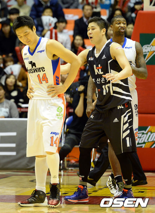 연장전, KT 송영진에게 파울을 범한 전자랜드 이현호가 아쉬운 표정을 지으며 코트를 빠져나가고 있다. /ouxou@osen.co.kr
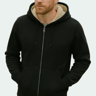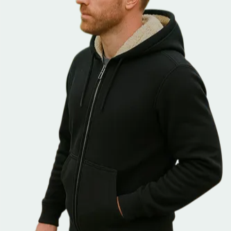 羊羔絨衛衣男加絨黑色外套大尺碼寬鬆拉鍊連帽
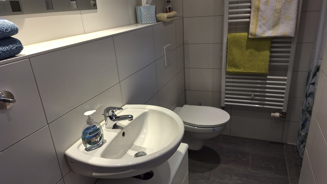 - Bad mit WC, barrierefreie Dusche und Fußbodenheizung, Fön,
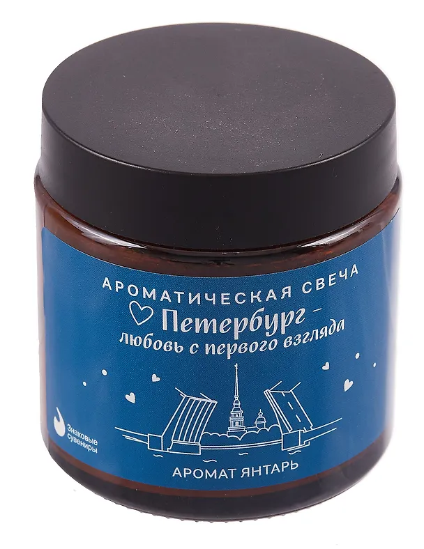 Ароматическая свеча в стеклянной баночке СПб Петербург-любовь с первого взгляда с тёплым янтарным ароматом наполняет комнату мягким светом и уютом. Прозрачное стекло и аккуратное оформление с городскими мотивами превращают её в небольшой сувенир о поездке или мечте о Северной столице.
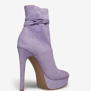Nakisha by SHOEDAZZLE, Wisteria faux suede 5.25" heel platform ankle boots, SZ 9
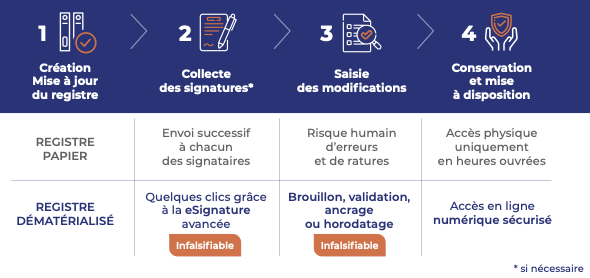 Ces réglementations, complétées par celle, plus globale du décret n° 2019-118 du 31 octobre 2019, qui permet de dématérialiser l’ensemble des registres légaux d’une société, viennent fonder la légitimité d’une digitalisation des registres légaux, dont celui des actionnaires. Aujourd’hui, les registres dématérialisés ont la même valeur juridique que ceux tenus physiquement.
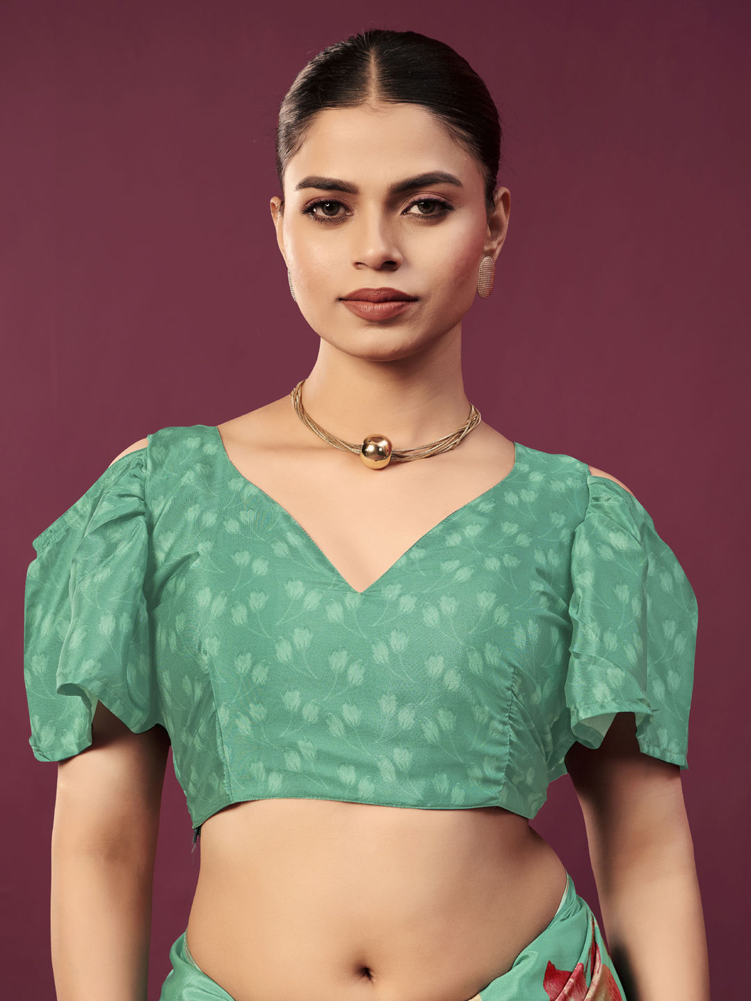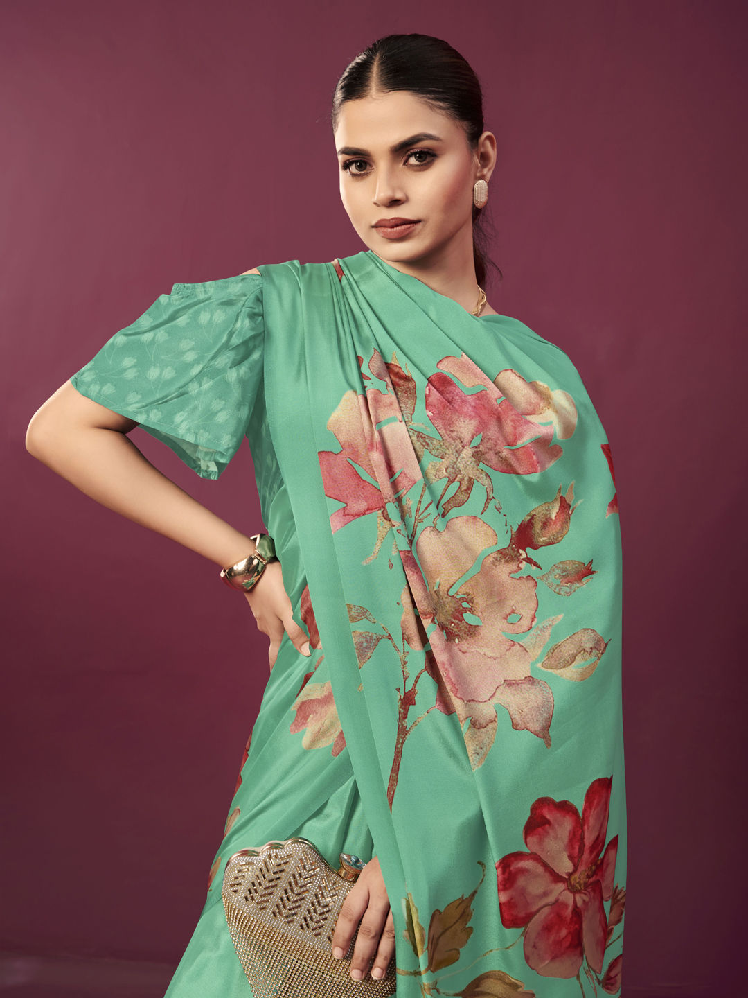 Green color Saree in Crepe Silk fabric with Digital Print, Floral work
====
- [THE TASK] Transcribe the entries above exactly, from their first line through the line with "- Bad mit WC, barrierefreie", and omit all pictures.

- [RESULT FOR THIS TASK]
 연장전, KT 송영진에게 파울을 범한 전자랜드 이현호가 아쉬운 표정을 지으며 코트를 빠져나가고 있다. /ouxou@osen.co.kr
 羊羔絨衛衣男加絨黑色外套大尺碼寬鬆拉鍊連帽
 - Bad mit WC, barrierefreie Dusche und Fußbodenheizung, Fön,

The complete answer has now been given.